Armstrong probably couldn't keep himself from gloating over the result of the World Cup final, and on the ESPY telecast he claimed that in the wake of the loss by Zidane and his mates, "all their players have tested positive for being assholes". One "journalist" covering the proceedings in Hollywood felt compelled to explain that "a French newspaper had erroneously accused (Armstrong) of doping after one of his seven Tour de France victories", which, if you ask us, is not terribly unlike saying that some US newspapers have "erroneously" accused Barry Bonds of using steroids.

Considering that just a few weeks earlier Ozzie Guillen, the manager of the World Series champions White Sox, had been pilloried for describing a Chicago sportswriter as "a bleeping fag" (Ozzie was fined and ordered to undergo sensitivity training), reaction to Armstrong's anal-sex joke has been strangely muted.

That Lance has gotten what amounts to a free pass is no doubt at least in part due to his status as a sportsman-turned- humanitarian icon who can do no wrong. And it didn't hurt that he was out of the country by the time the spit hit the fan: No sooner had the ESPY telecast aired than Armstrong hopped on a plane to France, the better to muck things up for Floyd Landis.

Other than the fact he seems to be turning up in a yellow jersey a lot these days, we couldn't tell you much at all about Landis, but the mere fact that Armstrong doesn't much like him has us rooting big-time for Floyd as the Tour turns toward the Champs Élysées.

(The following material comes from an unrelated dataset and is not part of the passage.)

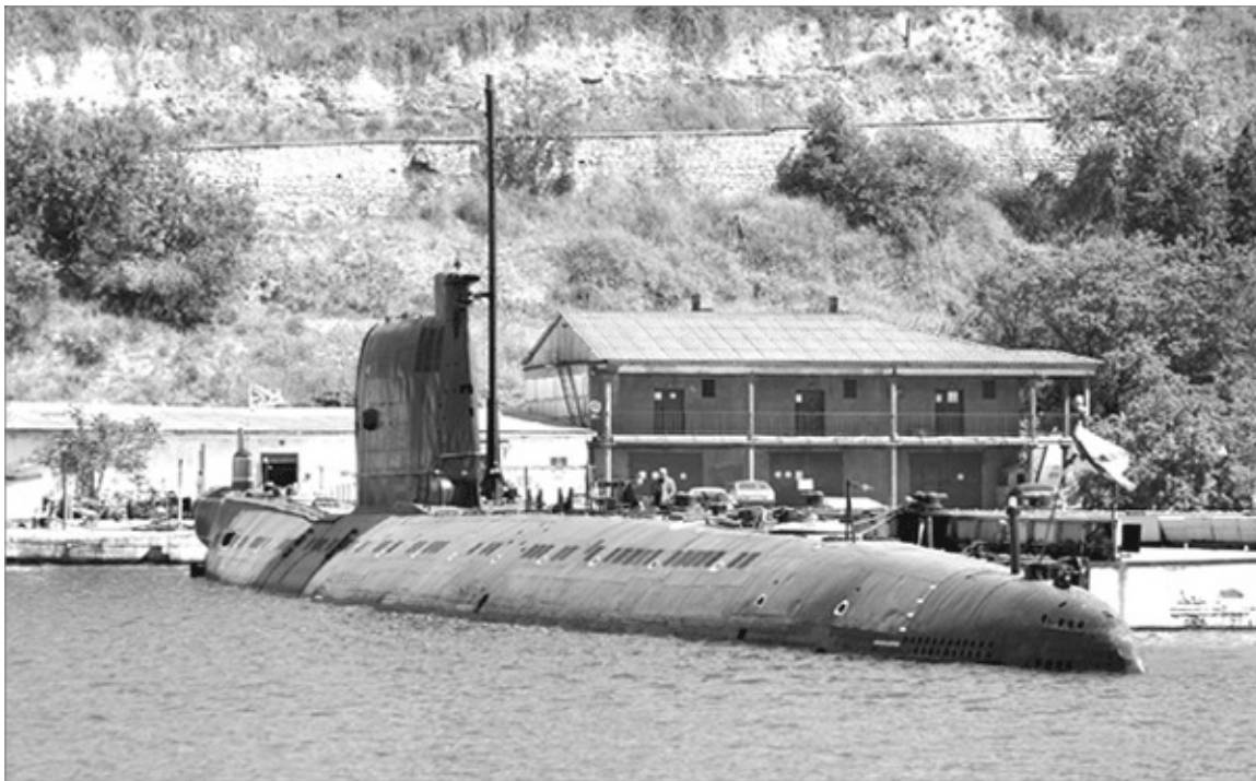
Подводная лодка «Запорожье».

Upon arriving at l'Alpe d'Huez this week, Armstrong proceeded to rip Tour de France officials over the doping scandal that preceded this year's edition, claiming "it never would have happened on our watch". One Gallic newspaper greeted the seven-time Tour champion with the headline, "Welcome to France, Trou du Cul!" - trou du cul being French for "asshole". ("Gee, why didn't I think of that?" Jake Gyllenhaal must be wondering.)

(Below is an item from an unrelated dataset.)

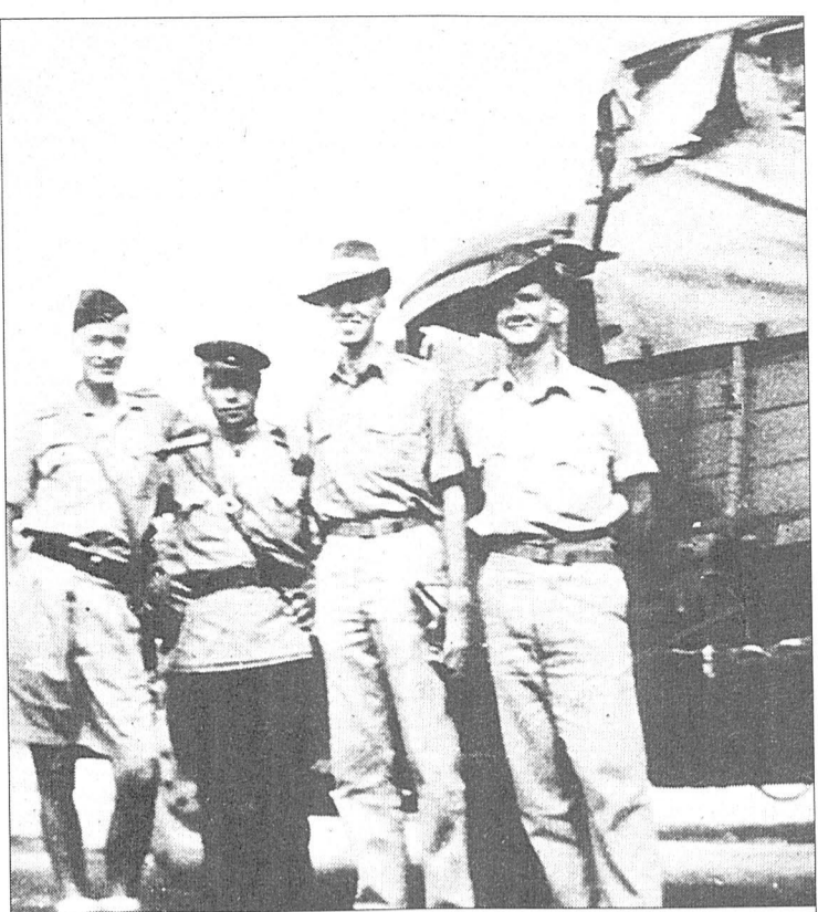
● Рядом с советским офицером освобожденные из японского плена англичанин (слева) и двое австралийцев (крайние справа). В конце войны японцы ослабили режим в лагере для военнопленных, им разрешили получать посылки, в частности, от Красного Креста. Потому они выглядят, так сказать, вполне презентабельно.

На Западе, особенно в США, можно услышать, будто Япония капитулировала не из-за вступления СССР в войну, а из-за американских атомных бомб, сброшенных на Хиросиму и Нагасаки. Если бы это было так, то участники

Like, say, Bono, Lance has used his celebrity status to ingratiate himself in the seats of power. But Lance doesn't seem particular, or even embarrassed, about who he hangs around with.

It's one thing for Armstrong to cycle with Gyllenhaal and McConaughey and feel that entitles him to make queer jokes on national television. But another of Lance's occasional cycling buddies is a fellow Texan who happens to be the president of the United States.

It's all well and good for Armstrong to go biking with George W Bush and to lobby him for millions for cancer research while he's at it.

But before this week is out, Bush is going to exercise the first veto of his presidency when he kills an appropriation for stem-cell research just passed by the Senate, and, unless we miss our guess, you won't hear a peep out of Lance.

While passing out the ESPYS, incidentally, they eventually got around to the one for "Male Athlete of the Year", which, by purest coincidence, went to the Trou du Cul himself.

"It wasn't rigged, honest!" protested the MC.

Who are we to disbelieve him? He is, after all, Lance Armstrong.